HMG-CoA Reductase Inhibitors (Statins)

In addition to the well-recognized lipid-lowering effect, the pleiotropic effect of 3-hydroxy-3-methylglutaryl-coenzyme A (HMG-CoA) reductase inhibitors (statins) includes endothelial function improvement, reduction of thrombin generation, atherosclerotic plaque stabilization, decrease in expression, and activity of many inflammatory agents and metalloproteinases. Increasing evidence indicates that statins limit platelet activation and aggregation. Modifying G protein functions and the Rho kinase pathway, both involved in cytoskeleton reorganization, statins affect pMV shedding, decreasing the number of MV in a lipid-independent manner [111, 112]. Moreover, statins significantly reduce the surface exposure of proinflammatory CD40L on platelets [113] as well as on pMV [114].
HMG-CoA reductase inhibitors contribute to reduced NF-κB activity and increased exposure of peroxisome proliferator-activated receptors (PPARs); thus, they affect the release of many proinflammatory cytokines and chemokines [115], thereby limiting platelet activation.
Hypercholesterolemic patients treated with simvastatin, atorvastatin, or rosuvastatin have lower pMV concentrations compared to untreated patients with the same plasma lipid levels [111]. The percentage of pMV was also decreased after therapy with simvastatin in hyperlipidemic patients after ischemic stroke [30]. Withdrawal of rosuvastatin in patients with coronary heart disease (CHD) caused an increase in the formation of circulating pMV despite continuation of treatment with clopidogrel [31]. Combined therapy with simvastatin and losartan reduced pMV concentrations in patients with hypertension and type 2 diabetes as well [114]. Pitavastatin alone did not decrease pMV in hyperlipidemic, diabetic patients; however, the addition of eicosapentaenoic acid (EPA) significantly lowered the proportion of pMV, and the reduction was even greater than that observed with EPA alone [35]. Thus, pitavastatin enhances the antiplatelet effect of EPA in an adiponectin-dependent pathway. In patients with PAOD as well as diabetes with dyslipidemia, combined treatment with atorvastatin and ASA significantly reduced TF, P-selectin, and GPIIIa exposure on pMV, while the exposure of PS was not influenced by atorvastatin [86, 116]. Lipid-lowering treatment with simvastatin reduced the total count of procoagulant pMV as well as the exposure of P-selectin, CD40L, and TF on pMV in diabetic patients with chronic kidney disease.

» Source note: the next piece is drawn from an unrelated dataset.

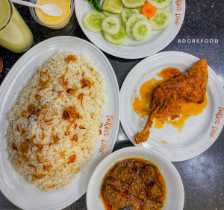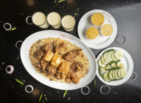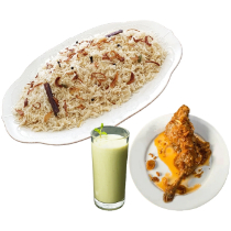 Kacchi (Basmati), Chicken Roast, Jali kabab, Beef Rezala, Borhani, Jorda/Firni, chutney, Salad.

However, in diabetic patients without kidney disease, a reduction of pMV percentage was not achieved until combined therapy with simvastatin and ezetimibe was applied [32]. This suggests that in patients with diabetes and concomitant kidney disease, increased platelet activation is observed and pMVs are involved in the hypercoagulable state in chronic kidney disease. Treatment with pravastatin significantly reduced the GPIIIa receptor for fibrinogen on pMV in type 2 diabetes patients with no effect on the number of pMV or the exposure of TF antigen [117].

Fibrates

Bezafibrate is an agonist of PPAR-alpha, which are also present in human platelets and are involved in many biological functions such as inflammation, atherosclerotic plaque formation, and lipid metabolism. Activation of PPARs inhibits platelet function via inhibition of PKCα and increases the levels of both cAMP and cGMP [118, 119]. The antiplatelet effect of PPAR agonists is also associated with direct inhibition of COX-1 [120] as well as indirect inhibition of intracellular Ca2+ mobilization, TXA2 production, exposure of P-selectin, and pMV release. Decreased formation of pMV is presumably caused by reduced calcium concentration, inhibition of PKC, and activation of PKA via increased concentration of cAMP [33].
The proportion of pMV was significantly decreased after treatment with bezafibrate in patients with connective tissue diseases and secondary hyperlipidemia caused by long-term steroid administration, as well as in patients with diabetes without obstructive CAD burdened with elevated levels of remnant-like particle cholesterol (RLP-C) [33, 34]. RLP-C in vitro increases intracellular oxidative stress, reduces NO, and affects endothelial-dependent vasorelaxation, thus inducing platelet activation. Therefore, RLP-C may be a target, since a decrease of its elevated level also results in the reduction of pMV formation and lower incidence of cardiovascular events in patients with diabetes [34].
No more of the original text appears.